Releo mi columna de ayer. Es verdad, como me han hecho ver no pocos lectores, que resulta muy dura. ¿Cambiaría algo 24 horas más tarde? Quizá movería esta coma, acortaría aquella frase, afinaría la metáfora de más allá. Respecto al tono y al contenido, sin embargo, me confieso incapaz de tocar nada. He hecho el ejercicio de rescribirla mentalmente, e incluso con otras palabras, el producto sigue siendo igual de áspero, seco, descarnado, frío, quizá más cínico en lo aparente que en lo real.
Entiéndanme. No me alegra la muerte (nada accidental) de Miguel Blesa. Pero tampoco me entristece lo más mínimo. Si rebusco entre mi menaje sentimental, como mucho, llego a una cierta indiferencia resabiada. ¿Falta de respeto? Estaría por jurar que no he pasado esa frontera, aunque sin solución de continuidad, declaro que tampoco me sentiría especialmente incómodo por haberlo hecho. Ya les he anotado aquí mismo con ocasión de otros lutos célebres que abandonar la condición de vivos no nos convierte en mejores seres humanos. En el caso que nos ocupa, este principio va a misa.

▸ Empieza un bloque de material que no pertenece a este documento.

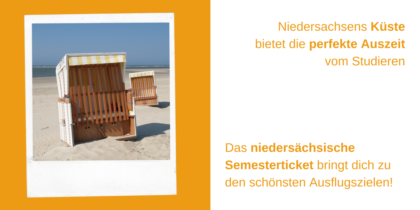 Strandkörbe am Meer, dazu der Text: Niedersachsens Küste bietet die perfekte Auszeit vom Studieren. Das niedersächsische Semesterticket bringt dich zu den schönsten Ausflugszielen!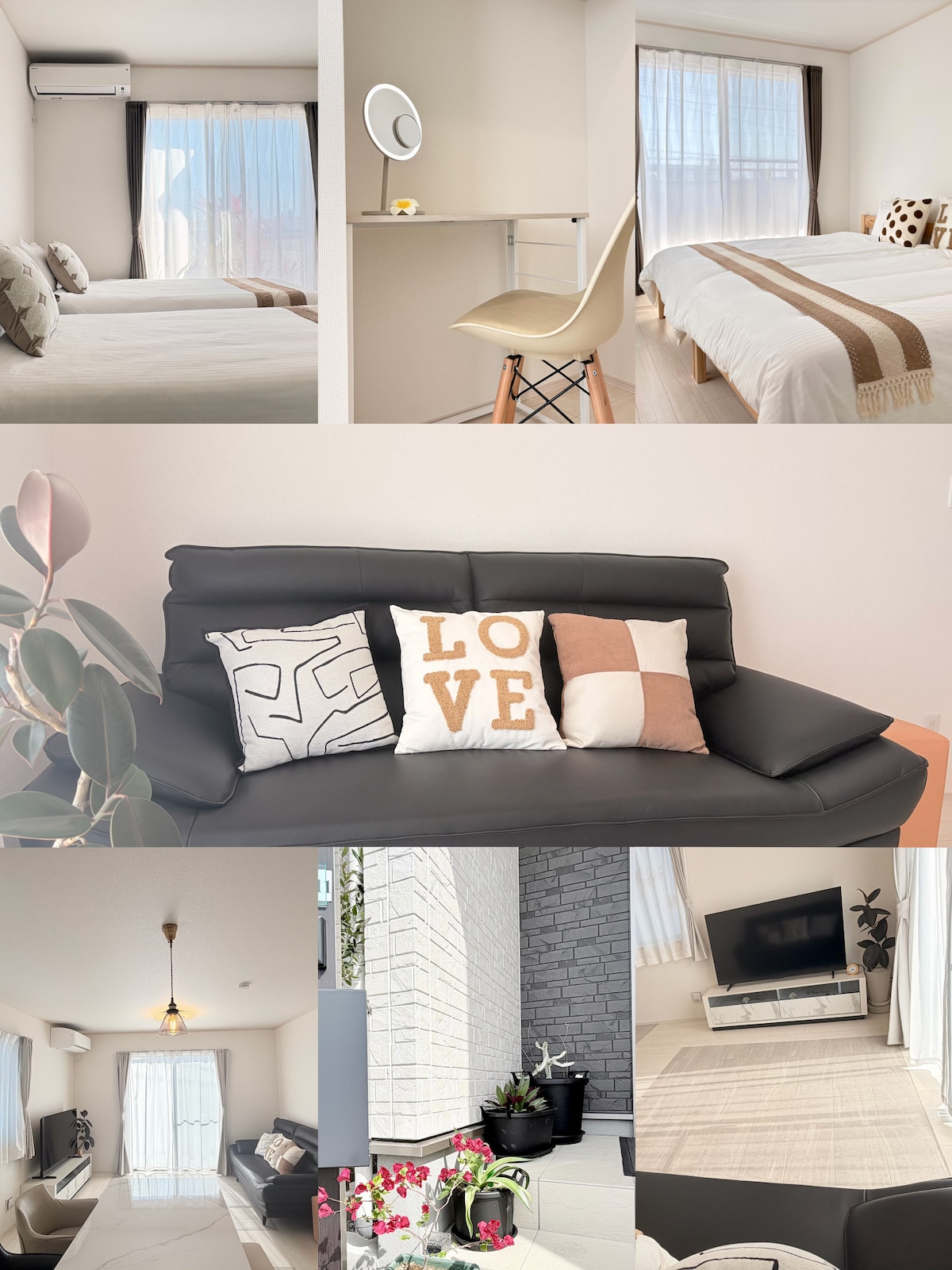 全新獨棟別墅,車10分鐘直達機場,租車公司聚集,近奧特萊斯。一樓設臥室,周邊24小時超市,免費停車。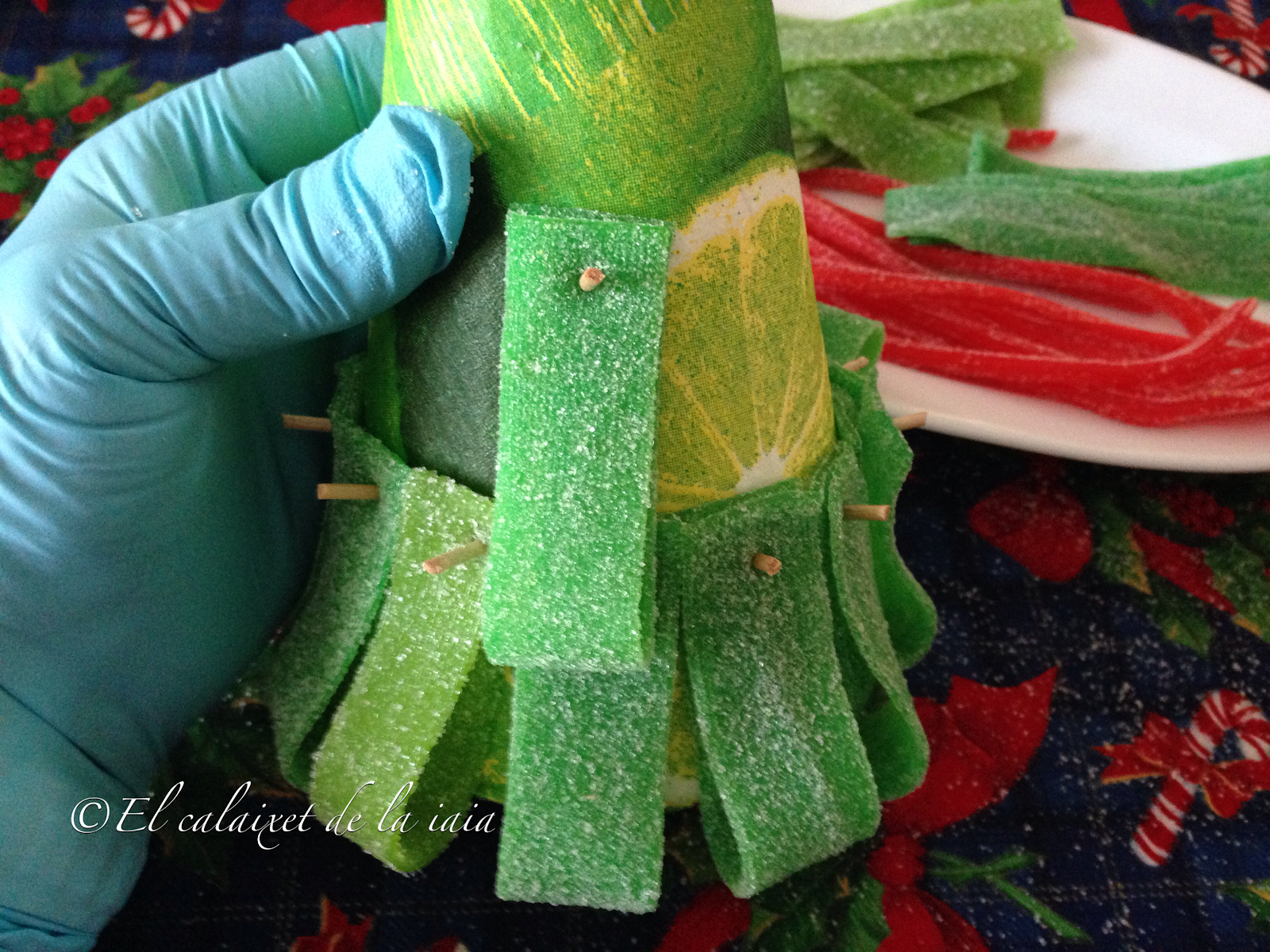 iremos poniendo gominolas de colores que simularán las bolas del árbol y cubriremos con ellas las puntas de palillo que queden visibles
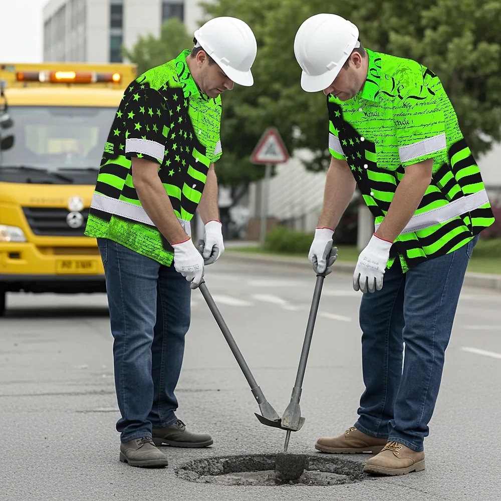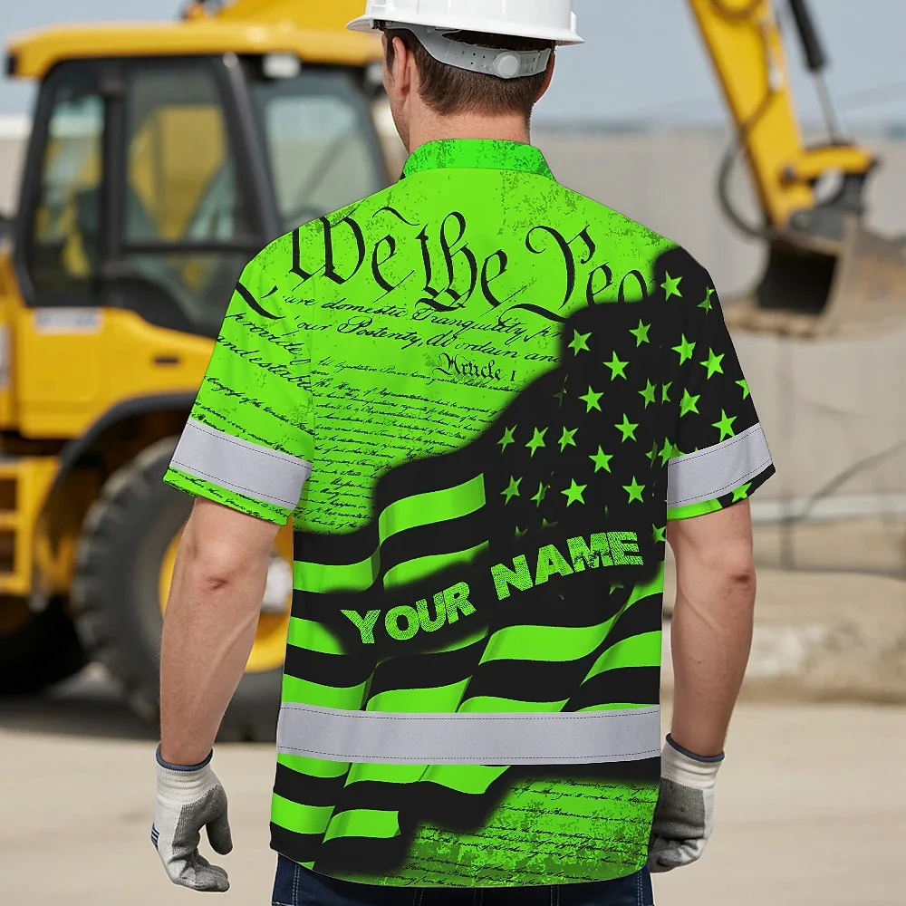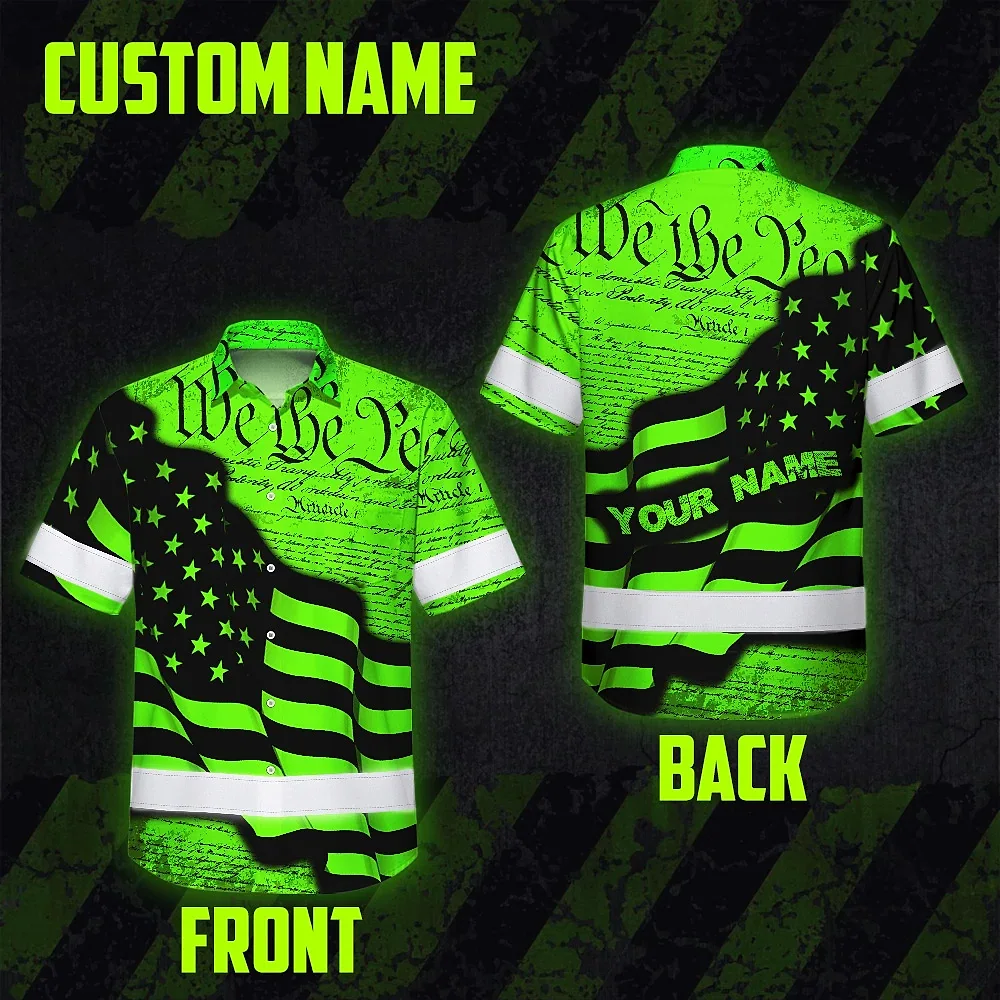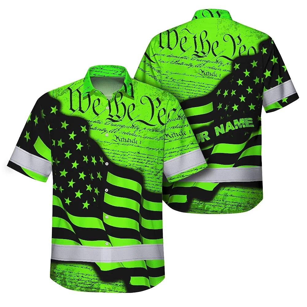 Hi Vis Hawaiian Shirt Reflective America Flag Orange Neon Patriotic Custom Name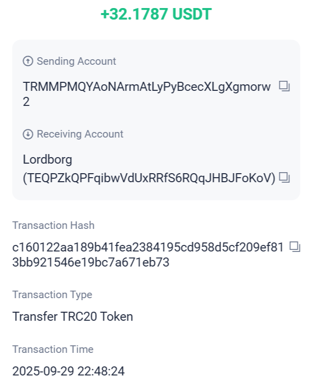 30/08/2025 09:08 | Vi*** | 35$ / 0.7$ | TBW*** | Выплачено |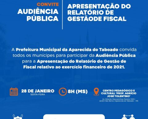 MaisA Administração Municipal de Aparecida do Taboado vai realizar nesta sexta-feira, dia 28 de janeiro, importante audiência pública de gestão fiscal.
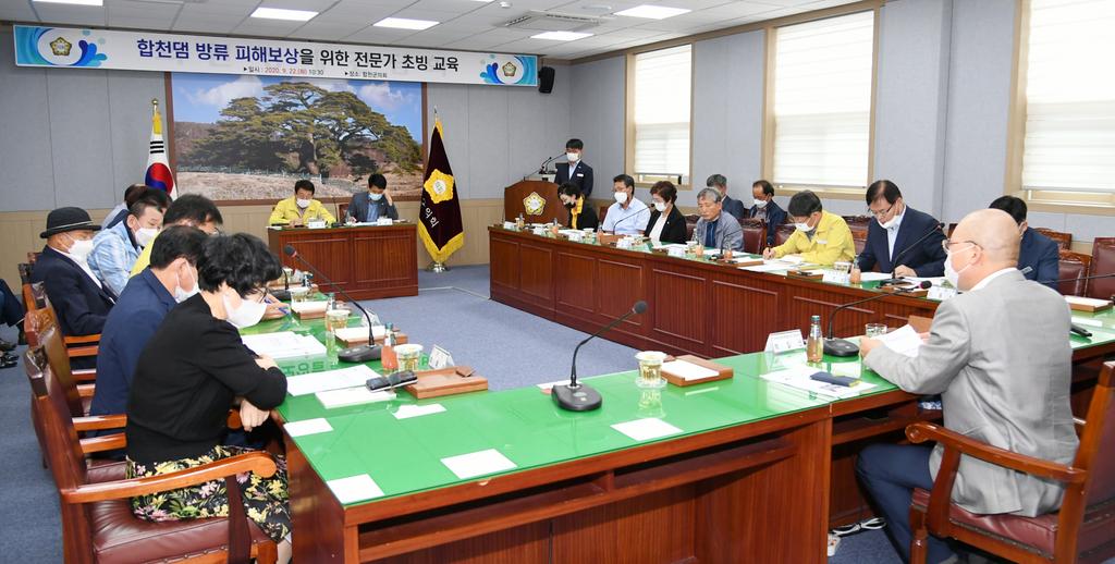 합천군의회(의장 배몽희)는 9월 22일 오전 의회 간담회실에서 합천댐 피해보상 대책위원회 활동을 위한 전문가 초빙교육을 실시했다. 이 자리에는 문준희군수를 비롯한 집행부 관계자와 주민 등 30여명이 참여했다.

Por lo demás, y aunque sé que bordeo la demagogia, me siento mucho más cerca de las miles de personas estafadas impunemente por el difunto y su cuadrilla de mangantes de cuello blanco. De hecho, si algo lamento de verdad de la marcha al otro barrio del individuo, es que no pagará en un tribunal por todo el mal que ha causado con total intención de hacerlo. Claro que tampoco se me escapa que si continuara respirando, seguiría, como hasta el segundo antes de quitarse de en medio por su propia mano, yéndose de rositas. No sé si me explico.